SIPP  

Liberty Sipp legal case falls apart

Liberty Sipp legal case falls apart

A group action against troubled self-invested personal pension provider Liberty Sipp will no longer go ahead, with claimants turning to the Financial Services Compensation Scheme instead.

FTAdviser understands that Wixted & Co acted for 28 claimants in a group action against Liberty Sipp in respect of potential claims relating to non-standard investments.

As part of this, test cases were selected and a trial was due to be heard in September 2020.

But because Liberty Sipp fell into administration in April 2020, before the trial was due to take place, a statutory moratorium was placed on the proceedings and will remain in place unless an application is made to lift it.

A moratorium prevents legal action being taken against a company when it is in administration.

According to Tim Hampson, partner at Wixted & Co, in order for an application to succeed, the administrators have to agree to the moratorium being lifted and the court has to agree that it is in the best interests of all creditors.
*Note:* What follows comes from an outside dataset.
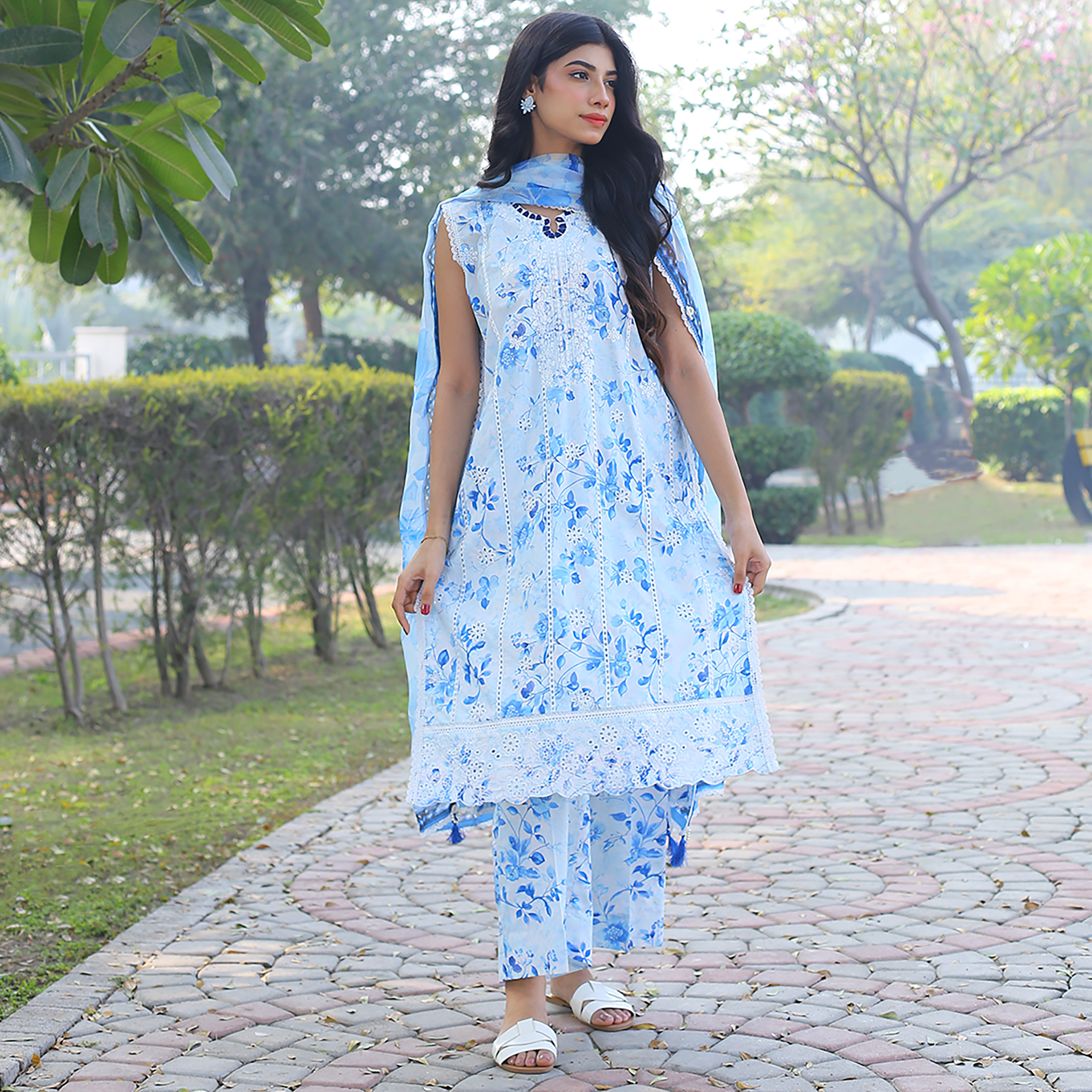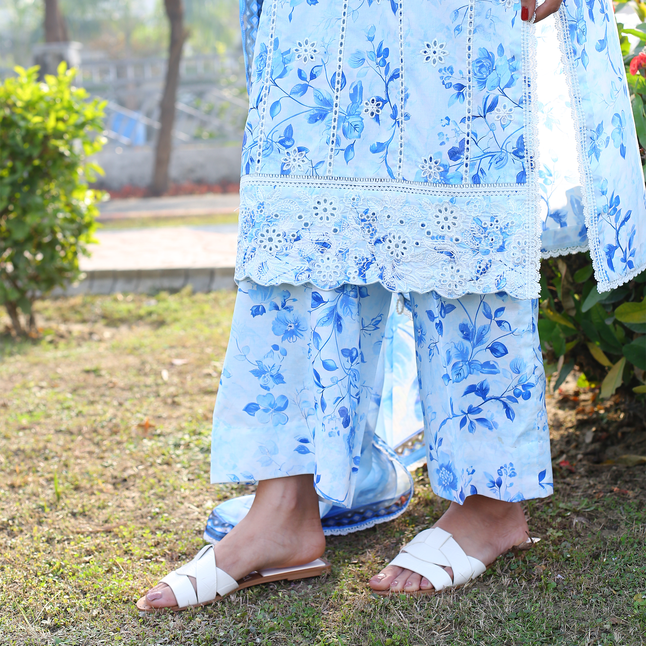Elevate your wardrobe with this serene ice-blue ensemble, showcasing intricate schiffli embroidery and delicate linear details.

However, this rarely happens where claimants wish to pursue purely monetary claims, he said.

Hampson said: “It is a shame that the trial could not take place because the court would have considered a lot of the issues which were ultimately determined in favour of our client Russell Adams by the Court of Appeal. 

“With no prospect of the litigation continuing, all of the claimants have made claims at the FSCS instead.”

As of February 25, the lifeboat scheme had paid out £5.8m in compensation on 187 claims but in total had received 1,860 claims against the firm.

These claims relate to due diligence failings on the part of Liberty Sipp.

The provider was only placed in default in January, which is when the FSCS started to pay out on successful claims.

A declaration of default happens when the FSCS deems that a firm cannot meet any eligible claims made against it.

The Liberty Sipp Limited business and customer assets were sold to EBS Pensions Limited, part of the Embark Group, in October 2018, which then rebranded the Liberty Sipp as Option Sipp.

However, the legal entity Liberty Sipp Limited was not part of the sale and retained its liabilities. It consequently had to pay out against any complaints using the assets it held.

Liberty Sipp fell into trouble when it was hit by a number of complaints from clients who had allegedly lost money after making high-risk investments.